EADP: An extended adaptive density peaks clustering for overlapping community detection in social networks
Introduction
It is very common that people in social networks join various communities. Community detection, which aims at finding out the community structure hidden in a network, becomes a very popular research direction in social network mining. There have been numerous algorithms proposed to find disjoint community structure, such as DBSCAN [1], spectral clustering [2] and so on. However, people in social networks are often characterized by multiple community memberships. For instance, a boy could be a member of music club and basketball club simultaneously as he may be interested in both music and basketball. For this reason, researches about overlapping community detection have drawn more and more attention. The clique percolation method (CPM) [3] is one of the representative algorithms. To our best knowledge, many of the existing overlapping community detection methods do not consider the linking weights, and methods that take weights into account seldom perform well on networks with dramatic weights variation.

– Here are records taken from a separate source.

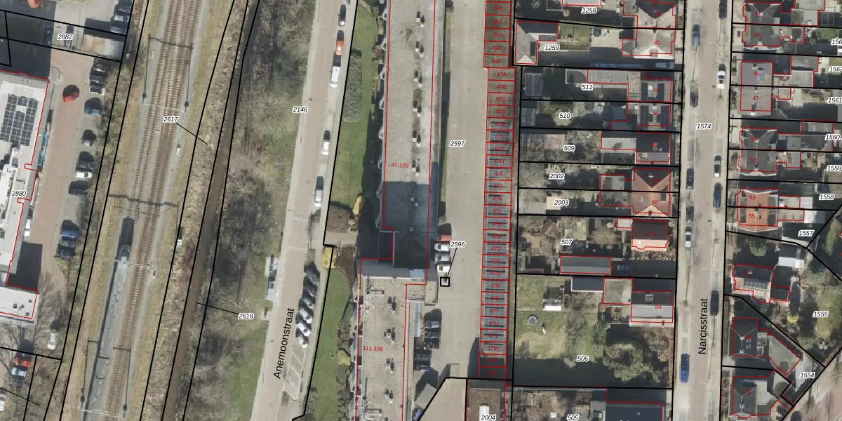 Het perceel waarop Anemoonstraat 95 staat heeft een oppervlakte van 6635 m². Dit is een zeer groot perceel. De perceeloppervlakte wordt geregistreerd door het Kadaster. Gedetailleerde informatie over de maten van dit perceel kunt u vinden in het rapport Kadastrale kaart met maatvoering van Anemoonstraat 95.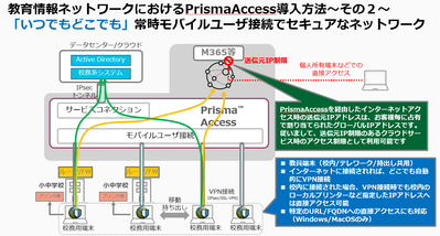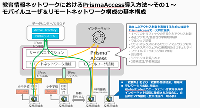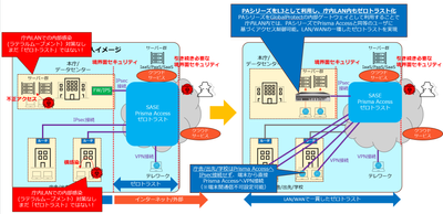 パロアルトネットワークス社では「ゼロトラスト」化をクラウドベースで行うソリューションとしてSASE/PrismaAccessを提供しています。PrismaAccessの基本的な利用/接続形態は大きくは以下の2通りです。 ■データセンターや拠点のIPsec接続(固定接続) 国際標準規格に基づいたIPsecトンネルにてセキュアに拠点とPrismaAccessを接続します。 もしくはZTNAコネクターにて特定のアプリケーションサーバーとの接続する接続の利用が可能です。 ■端末からのVPN接続(モバイルユーザ接続) 端末にGlobalProtectのアプリケーションをインストールし、IPsecもしくはSSL-VPNにてPrismaAccessと接続します。 もしくは明示的プロキシ(...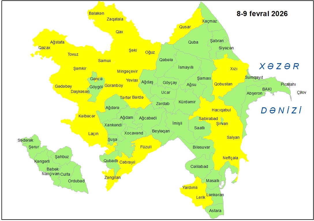 Milli Hidrometeorologiya Xidməti (MHX) fevralın 8-9-da bəzi bölgələrdə gözlənilən küləkli hava şəraiti ilə bağlı sarı xəbərdarlıq verib.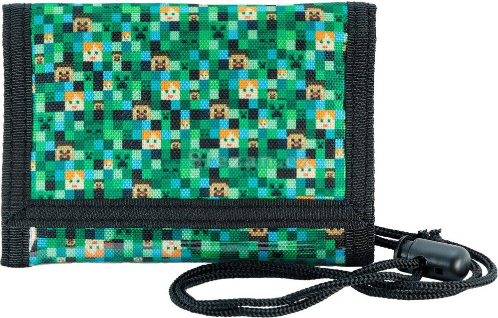 Peněženka se zavře suchým zipem a zavěsí na krk látkovou šňůrkou.
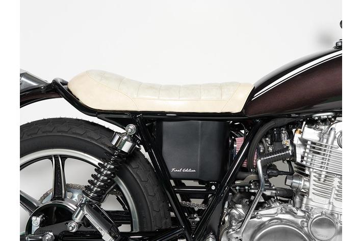 このカスタム車両は、デウスジャパンのビルダー添田智行氏により丁寧に手がけられ、 美しいデザインとディープエスプレッソブラウンのカラーに目を惹かれることでしょう。 各バイクには独自のシリアルナンバーが入り、この特別に制作されたバイクは、その美しさとパフォーマ ンス、そして軽量化させたことで、バイク女子にもおすすめできる一台です。ビルダー添田氏の熟練した クラフトマンシップが光るカスタム SR400 は、スタイリッシュなデザインと優れた走行性能を兼ね備えています。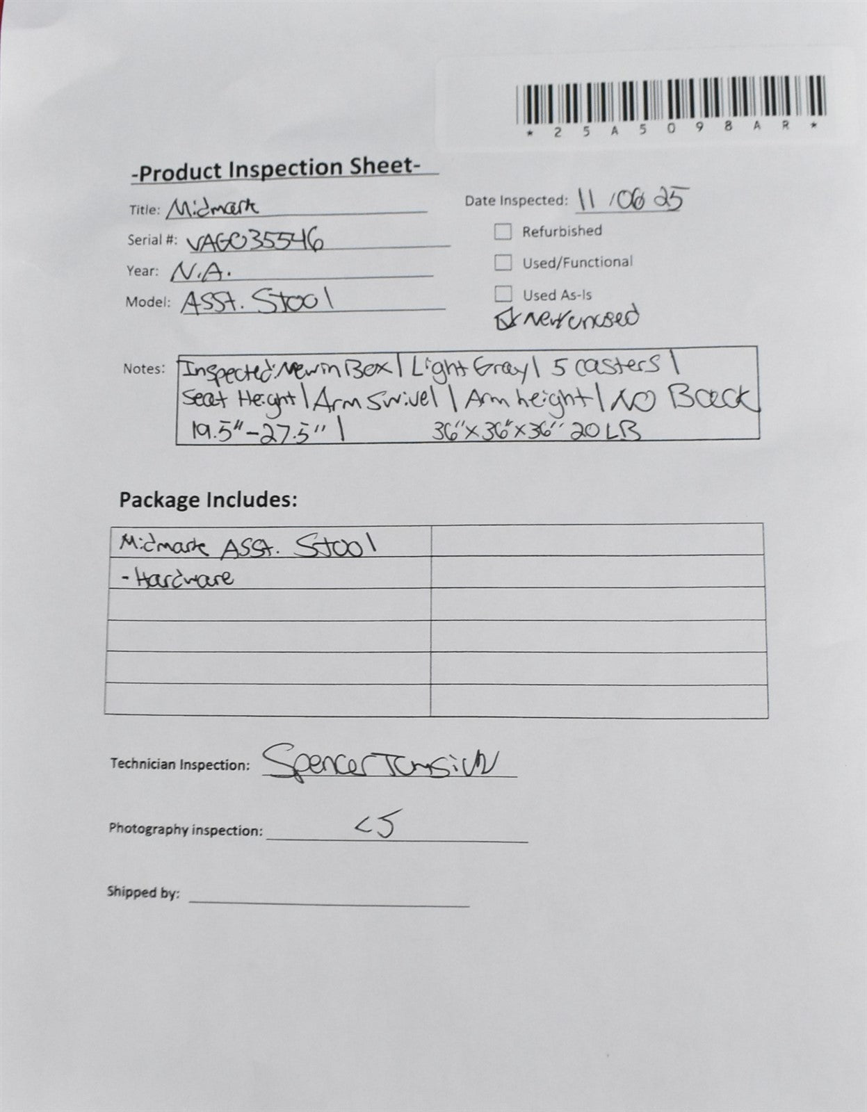 - Model: Asst. Stool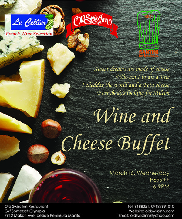 Catch our Wine and Cheese buffet on March 16 from 6:00-9:00 pm and you’ll surely remember why this classic combo goes well together!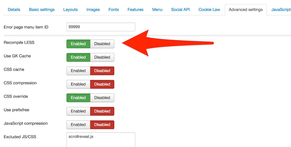 Please remember that the LESS parser should be enabled only while you are editing your LESS files - it needs relatively big amount of server resources and will cause slower page loading time. That's why please remember to disable the LESS compiler after finishing the *.less files modifications.

Density peak clustering (DPC) [4], published in Science Journal, introduces a novel approach to find community structures. DPC is based on the assumption that cluster centers are surrounded by lower density points and the distance between cluster centers is relatively large. DPC is capable of detecting communities with arbitrary shape efficiently and accurately. However, communities in social networks are often overlapped, DPC only detects non-overlapping communities. Moreover, DPC requires a distance matrix as its input. However, as point out in [5], for most of the social networks, the input would be the adjacent matrix. Therefore, we need to construct distance matrix ourselves by making use of the linking information in adjacent matrix. What’s more, DPC requires choosing cluster centers by hand, which will be not practical in the case of large networks.
Since DPC being proposed, many scholars have made various improvements on it. However, just the same as DPC, most of the improvements require the distance between nodes as input. Thus, we claim that those methods could not be used in social networks directly.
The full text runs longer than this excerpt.